Сидим в темноте. Янки ложатся спать. Один подошел к костру, поднял ветку -- подбросить в огонь. Но не подбросил. Постоял, не озираясь, молча; другие янки лежат, не шелохнутся. Положил ветку на землю, вернулся к своему одеялу.
-- Ждем дальше, -- прошептал отец.
Спустя время костер погас.
-- Теперь слушайте, -- шепчет отец. И мы сидим в потемках, слушаем, как раздетые янки крадутся в кусты. Один раз всплеск раздался, и выругался кто-то, а затем такой звук, точно ему ладонью рот зашлепнули.
Вслух отец не рассмеялся, только затрясся тихо.
-- Змей берегись, босячье, -- шепнул один из наших.
Часа два у них заняло это прокрадыванье, пока все не ушли. Потом отец сказал:
-- Бери по одеялу каждый и ложимся спать.
Солнце стояло уже высоко, когда он разбудил нас.
-- К обеду будем дома, -- сказал он.
И вскоре мы с отцом и Ринго выехали к нашей речке; миновали котловинку, где я и Ринго учились плавать, и, обогнув поля, проехали то место, где мы залегли прошлым летом, где первого в жизни увидали янки, а отсюда и дом видно, и Ринго сказал:
-- Усадьба, вот мы в тебя и воротились, а кому Мемфис нравится, тот бери его хоть насовсем.
Глядим на дом наш -- и точно снова тот день вернулся, когда бежали к нему выгоном и никак не могли добежать. А повозку и не замечаем; отец первый завидел ее, едущую к нам по джефферсонской дороге, и на сиденье -бабушка, худенькая, пряменькая, и держит взятые у миссис Компсон черенки роз, обернутые заново в бумагу; а Джоби криком и хлыстом понукает лошадей -чужих чьих-то; и отец остановил нас у ворот и, приподняв шляпу, пропустил
сперва повозку. Бабушка ни слова не промолвила. Лишь, проезжая, поглядела на меня и Ринго, и мы поехали следом. Не остановясь у дома, повозка проехала в сад, к яме, которая осталась от вырытого сундука, а бабушка все молчит; и спешился отец, вскочил на повозку, взялся за край сундука, сказал нам через плечо:
-- А ну-ка сюда, мальчики.
Мы зарыли сундук снова и пошли вслед за повозкой к дому. Вошли в кабинет, отец опять поместил ружье на крюки над камином, а бабушка положила черенки, сняла шляпку, взглянула на меня и Ринго.
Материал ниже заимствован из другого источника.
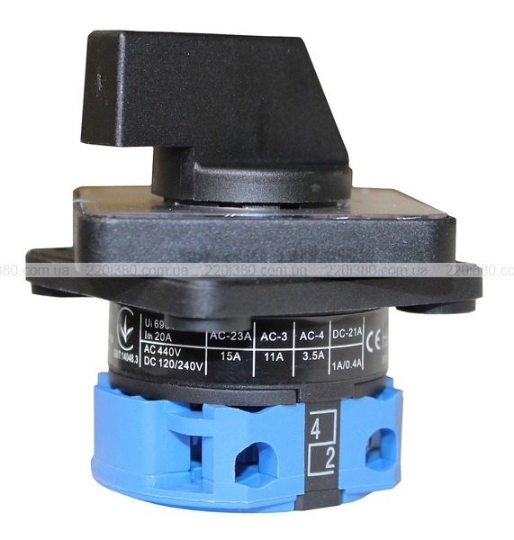 Перемикач кулачковий ПКП20-11/В 20А "0-1" 1Р/400B 60° 48х48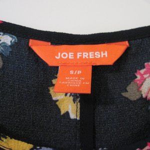 Joe Fresh sleeveless navy floral top with ruffle peplum in S/P. Lightweight crepe 98% polyester 2% spandex. Floral pattern in light blue, yellow, teal, grey, pink and white.Slight gather at scoop neckline. Chest 19.5" across, length 25". No holes or stains.

-- Мыло возьмите, -- сказала она.
-- Мы не ругались, -- сказал я. -- Спроси папу.
-- Они хорошо вели себя, мисс Роза, -- сказал отец.
Бабушка поглядела на нас. Подошла, положила руку па плечо сперва мне, затем Ринго.
-- Идите наверх... -- сказала она.
-- Но как вы с Джоби этих лошадей достали? -- спросил отец.
-- Мне одолжили их, -- сказала бабушка, по-прежнему глядя на нас. -Идите наверх и снимите...
-- Кто одолжил? -- спросил отец.
Бабушка взглянула бегло на него, опять на нас глядит.
-- Не знаю. Там никого не было... и снимите свою воскресную одежду.
Назавтра день был жаркий, и мы трудились только до обеда, подновляли изгородь внизу в загоне. Из-за жары еще и не катались на трофейных наших лошадях. Даже в шесть часов солнце жгло еще, топя смолу из досок парадного крыльца. Отец, подняв ноги на перила, сидел без мундира и сапог, а я и Ринго -- на ступеньках, в ожидании, когда станет прохладнее и сможем прокатиться, и тут вдруг увидели, что в ворота въезжают человек пятьдесят, быстрой рысью, и, помню, подумалось: "Жарко им как в этих синих мундирах".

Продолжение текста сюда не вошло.